What is being asked =>
Your copy runs from the line containing "Please note: There" through the last line of the listing, both included. Restate those lines word for word and leave out pictures.

Data excerpt =>
####################
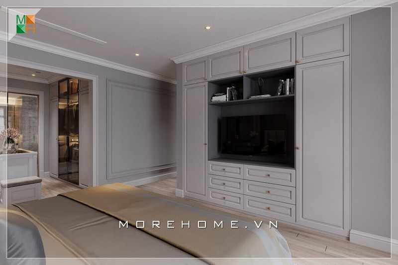 Ấn tượng với kệ tủ đồ gỗ kết hợp, thiết kế âm tường kịch sàn rất tiện lợi và phù hợp với không gian căn phòng ngủ chung cư, nhà phố.
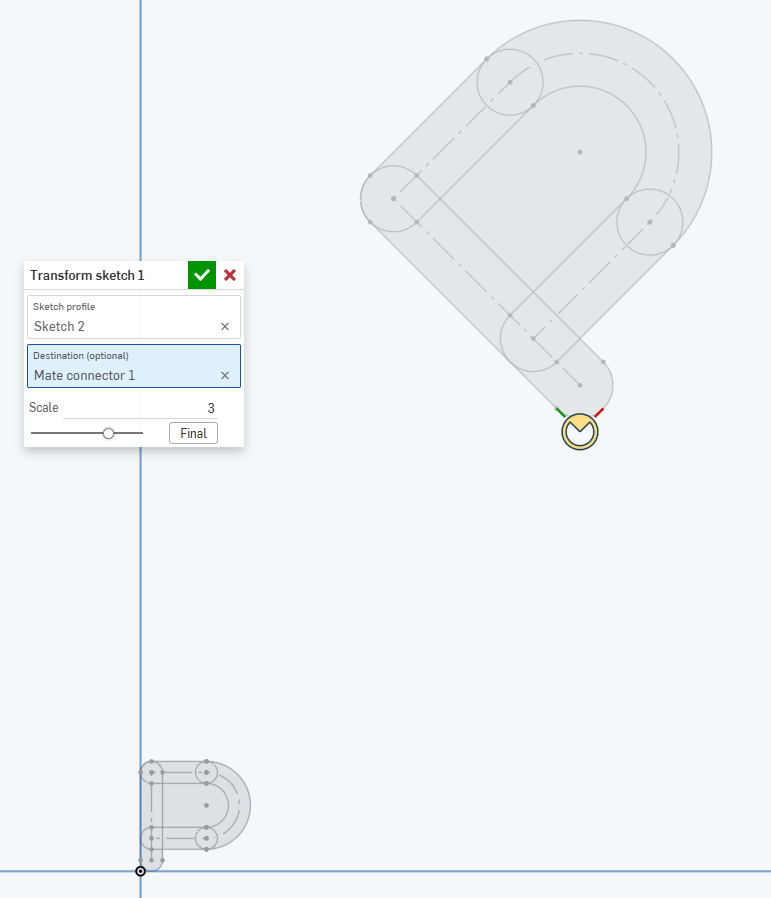 Please note: There is one significant drawback with transforming sketches in FeatureScript in this fashion: The resulting sketch is not editable. You can, however, start a sketch on top of the transformed sketch and "Use" the underlying edges, but that may or may not be an practical workflow. It's that sort of information I'd like to know.
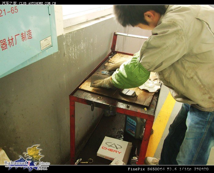 15、维修工按照售后人员的要求打磨刹车片,可惜他们又偷懒了,本来售后人员说要所有都打磨,他们说副驾驶侧的平整不用打磨,结果只打磨了主驾驶侧的刹车片。打磨也不细致,只简单的打磨了几下,我还想多拍几张照片,结果等我对焦构图,才拍了一、两张,就打磨完了,考虑到当时来维修保养的车很多,维修人员忙得很,我也就没多说什么了。
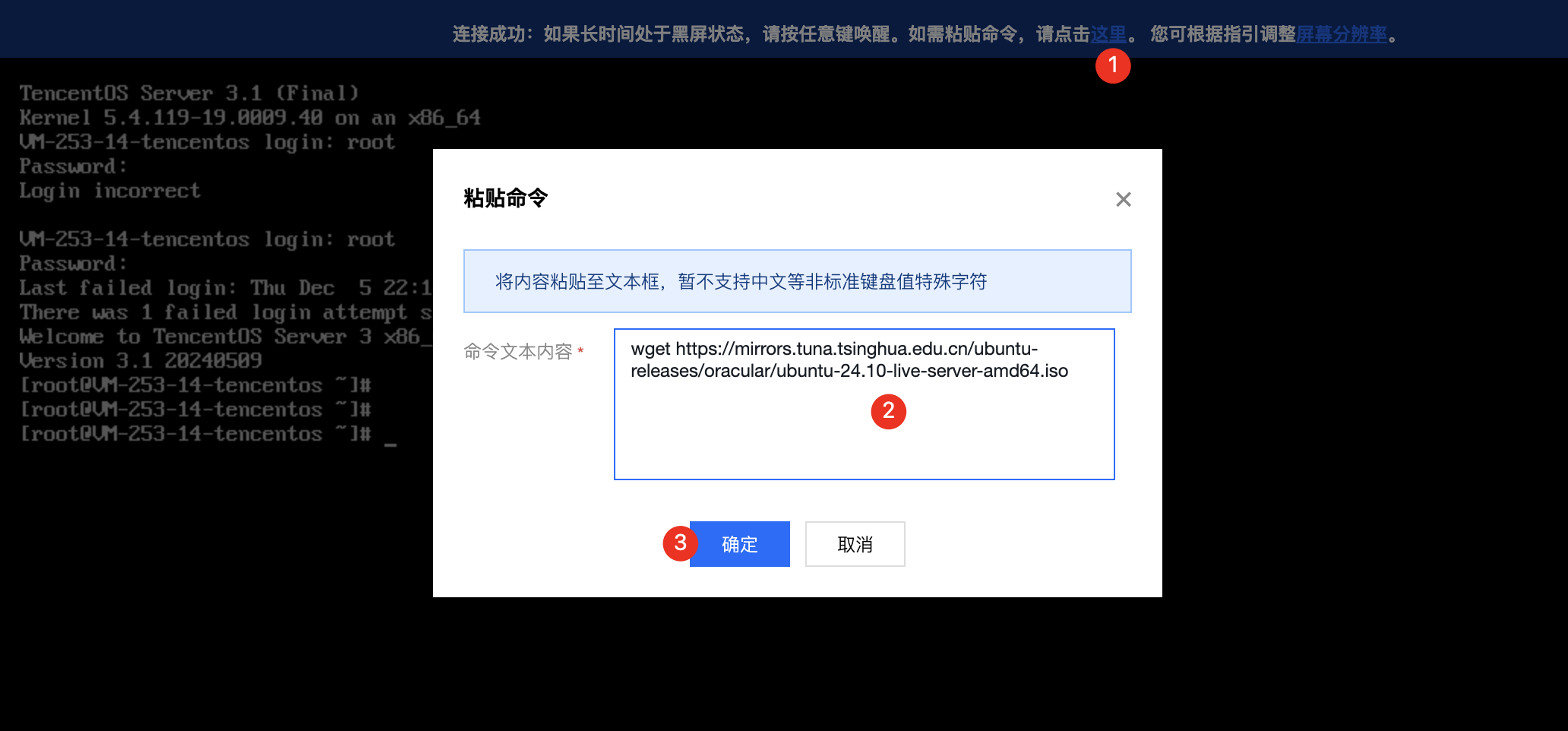 2. 实例创建完成后,通过 VNC 登录实例,粘贴网址下载对应的 ISO。
####################
Answer area =>
 Please note: There is one significant drawback with transforming sketches in FeatureScript in this fashion: The resulting sketch is not editable. You can, however, start a sketch on top of the transformed sketch and "Use" the underlying edges, but that may or may not be an practical workflow. It's that sort of information I'd like to know.
 15、维修工按照售后人员的要求打磨刹车片,可惜他们又偷懒了,本来售后人员说要所有都打磨,他们说副驾驶侧的平整不用打磨,结果只打磨了主驾驶侧的刹车片。打磨也不细致,只简单的打磨了几下,我还想多拍几张照片,结果等我对焦构图,才拍了一、两张,就打磨完了,考虑到当时来维修保养的车很多,维修人员忙得很,我也就没多说什么了。
 2. 实例创建完成后,通过 VNC 登录实例,粘贴网址下载对应的 ISO。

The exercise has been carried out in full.